Glossary of Spamming Techniques
- 1 Link Farming
- Swapping, exchanging or selling reciprocal links in order to boost the number of sites linking to a particular site in order to increase SERPs visibility.
- 2 Junk Forums
- Discussion forums developed specifically to promote discussion or interest in certain topics in the hope of seeding pages with keywords and phrases which will be spidered by search engines.
- 3 Domain Duplication
- The development of (almost) identical websites with different domain names, often modified to suite regional specificity or targeted keyphrases.
- 4 Empire Building
- The process of building interlinked websites and/or web logs (blogs) in order to mutually enhance each site's SERPs.
- 5 Linked Blogs
- Similar to Empire Building [4, above] but usually more refined to promote a group of similar thinking individuals. Can be used to influence site ranking with the introduction of specific domain (site) references.
- 6 Wikis
- Much like Linked Blogs [5, above] except far more crude in operation and unlikely to be afforded authority status like 'professional' blogs.
- 7 JavaScript Link Manipulation
- A technique used to redirect web visitors to specific pages, often forcibly through mouse-over triggers, and difficult to detect automatically.
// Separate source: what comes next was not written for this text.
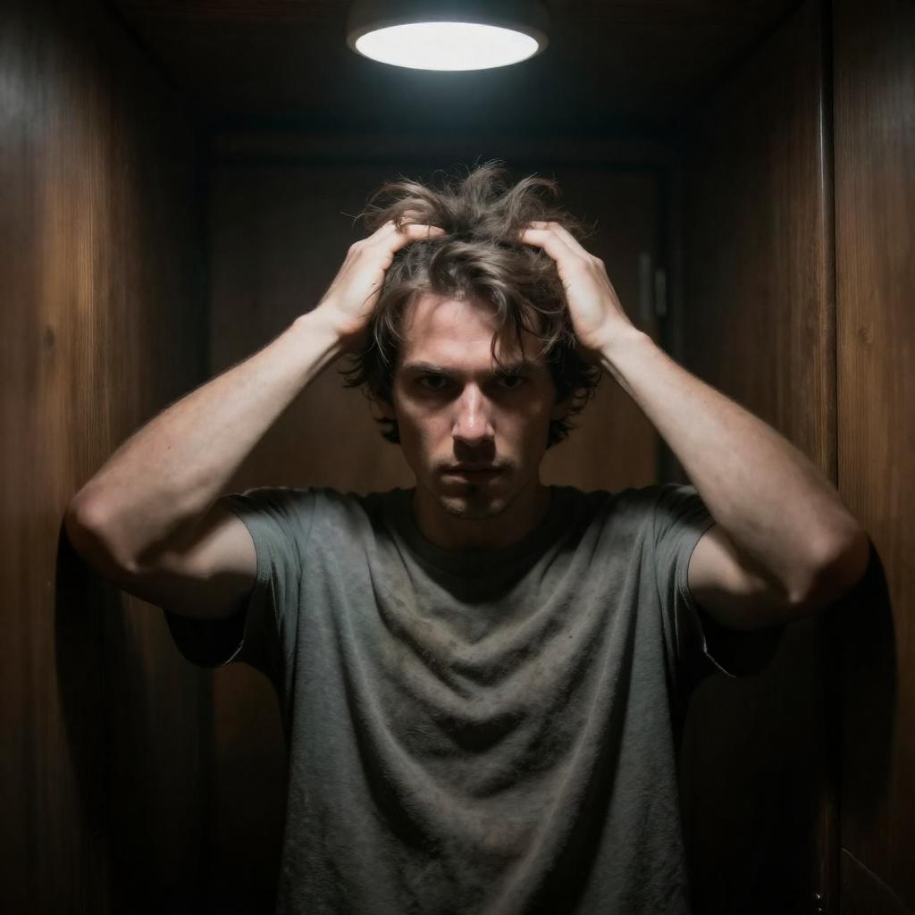 Man with disheveled brown hair, wearing a dirty gray shirt, slumped against dark wooden walls, hands in hair, intense expression. Dimly lit, claustrophobic setting, overhead light source.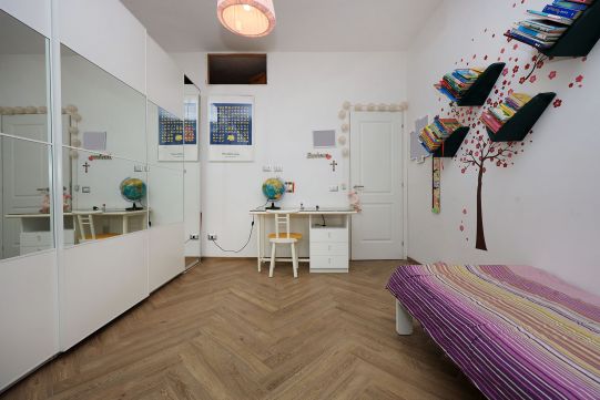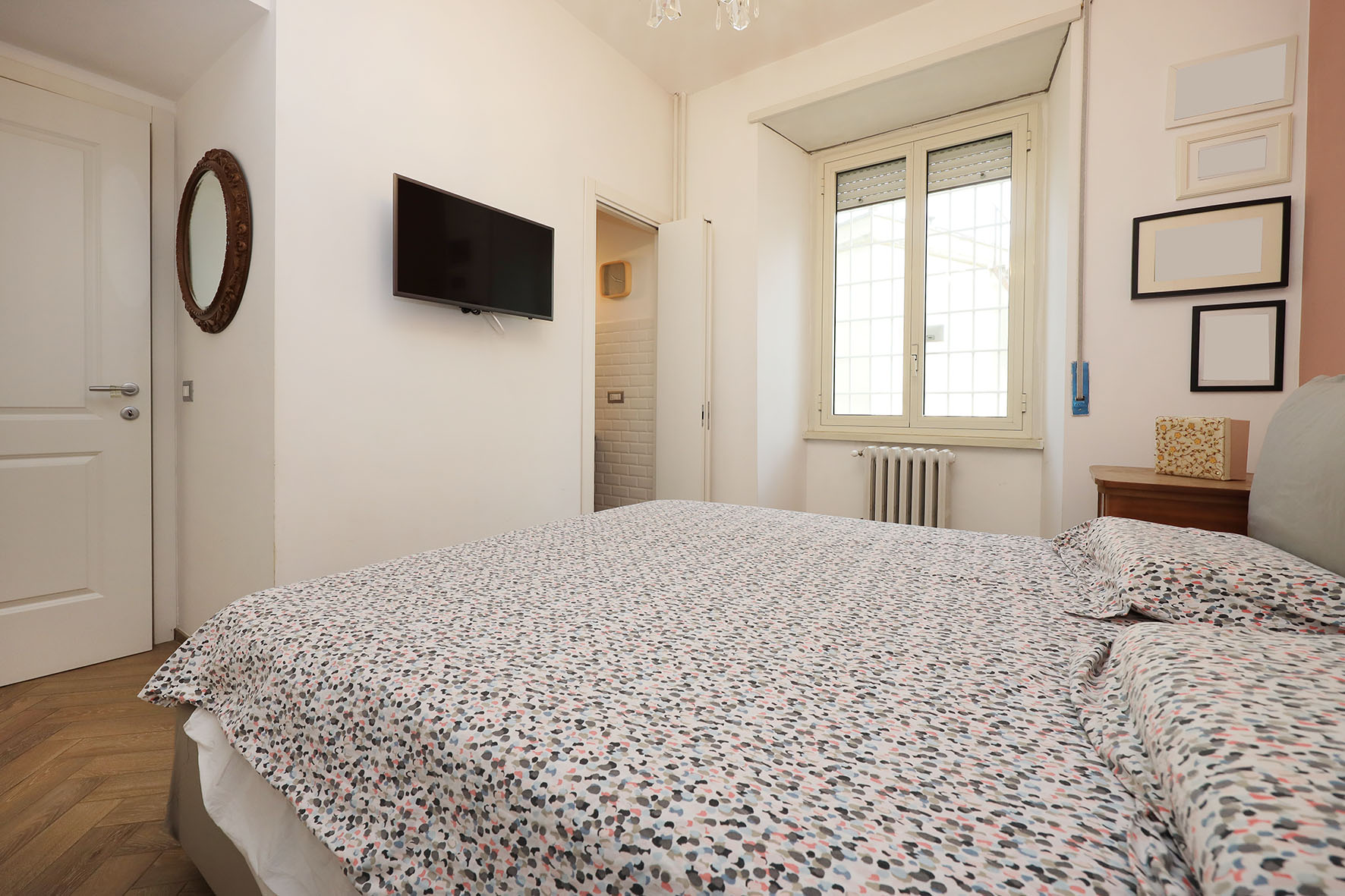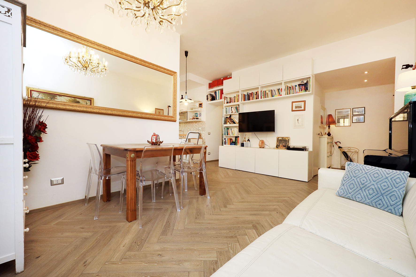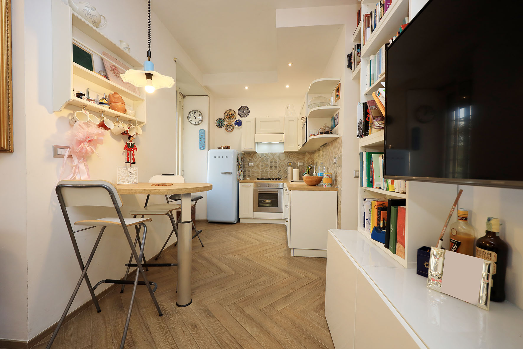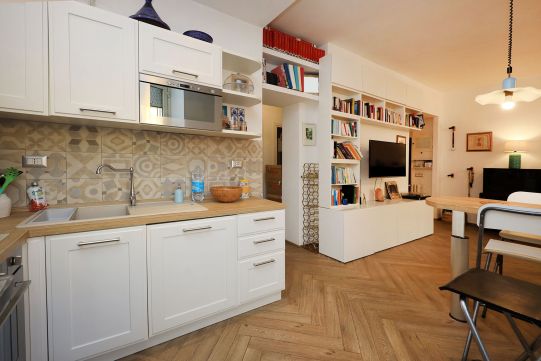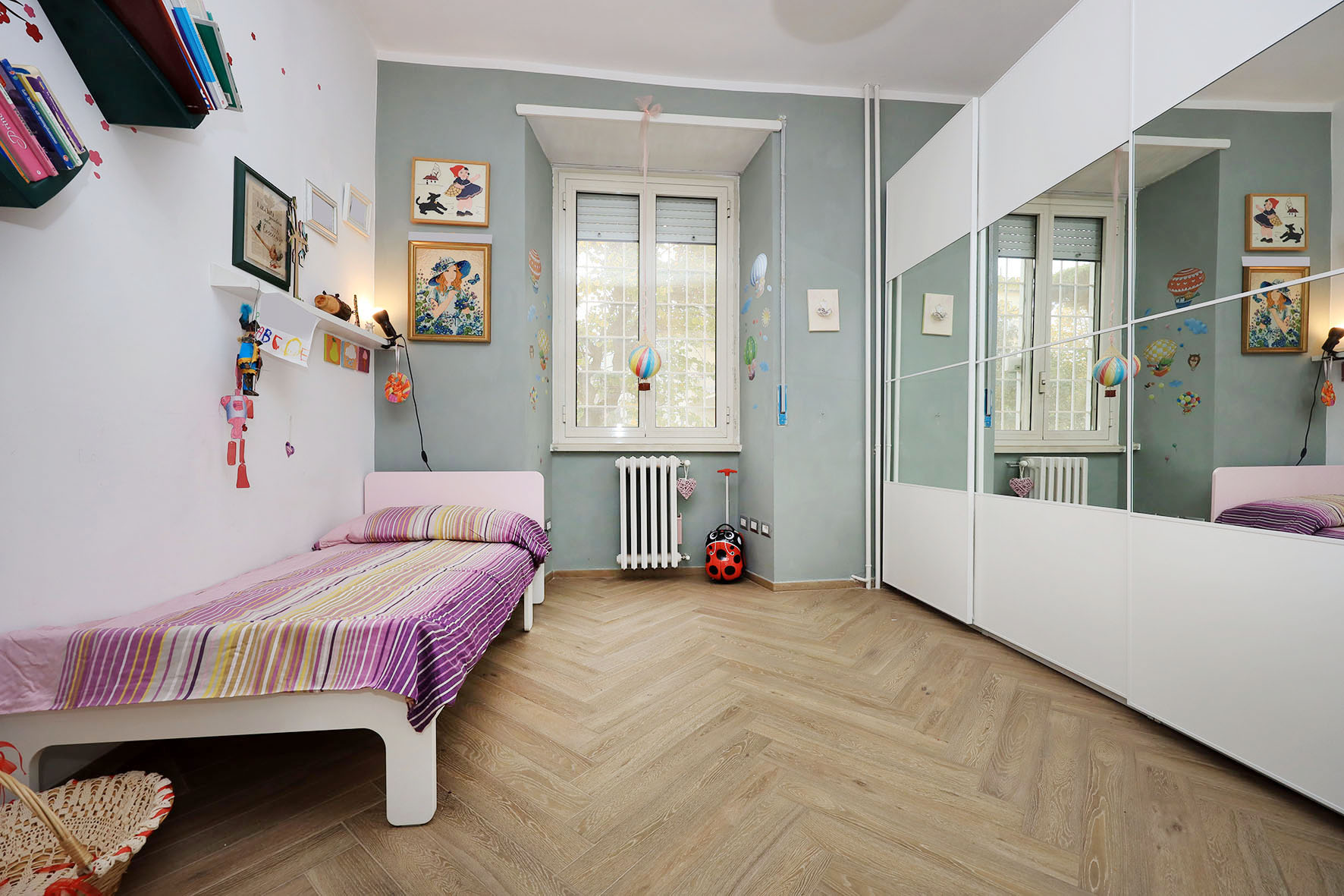 L’appartamento è in perfetto stato; gli impianti della cucina e del bagno sono stati completamente ristrutturati, come l’impianto elettrico. L’impianto di riscaldamento è centralizzato e le piastre radianti sono in ghisa. Portoncino d’ingresso blindato, impianto citofonico tradizionale. All’ingresso la proprietà ha realizzato un piccolo, ma pratico, armadio guardaroba. Le porte interne, tutte nuove ed a battente, sono laccate bianche e con doppia bugnatura. Infissi esterni in alluminio bianco, con cristallo singolo. Sono presenti le grate di protezione e le zanzariere a tutte le finestre.

- 8 Dynamically Spawned Pages
- Pages produced by server-side code like ASP or PHP served in response to specific, highly targeted keywords, dynamically generated from template text, often served to web crawlers.
- 9 Doorway Pages
- Keyword rich pages specifically optimised to perform well in the SERPs which add nothing to overall site content and whose links invariably point to the index or other targeted website page.
- 10 ODP-Driven Databases
- Categorised data dumped from the freely available ODP RTF (Rich Text Format) to supply keyphrase-rich doorway pages supporting a core site.
- 11 Generated Pages
- As ODP-Driven Databases [10, above] but machine generated from similar database content.
- Used to increase PR (PageRank) and SERPs visibility of a site or page by providing link content for crawlers generally to doorway pages and concealed from web visitors.
- 13 Keyword Stuffed Anchor Text
- Links to other pages comprising targeted keyphrases, often irrelevant to surrounding text.
- 14 Cloaked Redirects
- Serving one set of pages to spiders, another to users.